Deep budgetary cuts will hurt domestic economy
The sudden scrapping of N$5.5 billion off the Namibian economic and administrative environment just like that in an active financial year is just too much for the nation to bear. This very sad national development was significantly caused by the downgrading of the national economic outlook from stable to negative by Fitch Ratings agency.
Anything else to the contrary is simply not true as the government already knew that its debt is increasing beyond its self-imposed limit. These deep budgetary cuts as announced by Minister of Finance Calle Schlettwein are historically unprecedented, highly ill-advised and socially inconsiderate for a nation that is currently faced with so many problems and challenges.
Namibia, as an ambitious developing nation that aims to eradicate all forms of poverty through prosperity for all cannot at this juncture afford to disengage the local business community at any cost. What was needed is perhaps a partial budgetary cut of just N$2 billion and not a deep cut of N$5.5 billion that will without doubt send many businesses to the jungle of hopelessness and destitution.

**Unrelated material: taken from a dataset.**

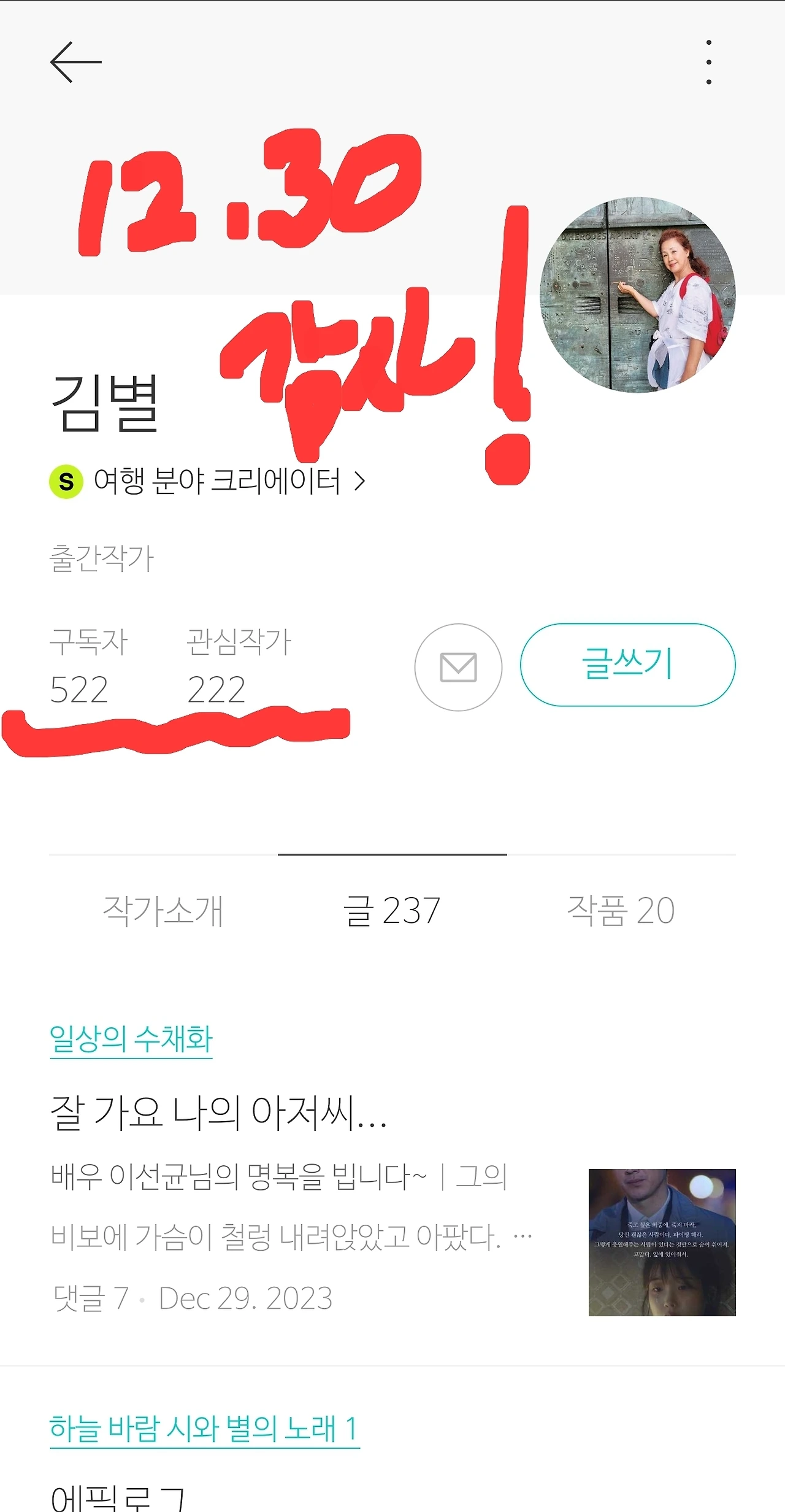 그런데 며칠 전 구독자 수 500을 넘기고 글을 쓰는 지금 이 순간 보니 구독자 수 522명이다. 너무나 감사한 일이다. 내가 구독하는 작가님들 숫자는 222명이다. 나는 웬만큼은 맞구독하는 편인데 나의 구독자님들은 주로 대부분 아직 글을 쓰지 않는 순수 독자님들이 더 많다.

With that said, government knows very well the precarious state of the domestic economy, the difficult living conditions and the challenges facing the majority of the people, but nevertheless over the years went ahead to spend the nation’s scarce financial resources on projects that did not necessarily add value to the socio-economic fibre and development of the country.
These scarce funds were further mostly spent on Chinese construction companies and other foreign businesses without any due consideration to the short- to medium-term negative financial impact on the country.
In that regard, scarce billion dollar funds that could have significantly circulated domestically to transform or drive the nation’s socio-economic development programmes were instead shipped out of the country by these foreign business entities to the now detrimental state of the domestic economy.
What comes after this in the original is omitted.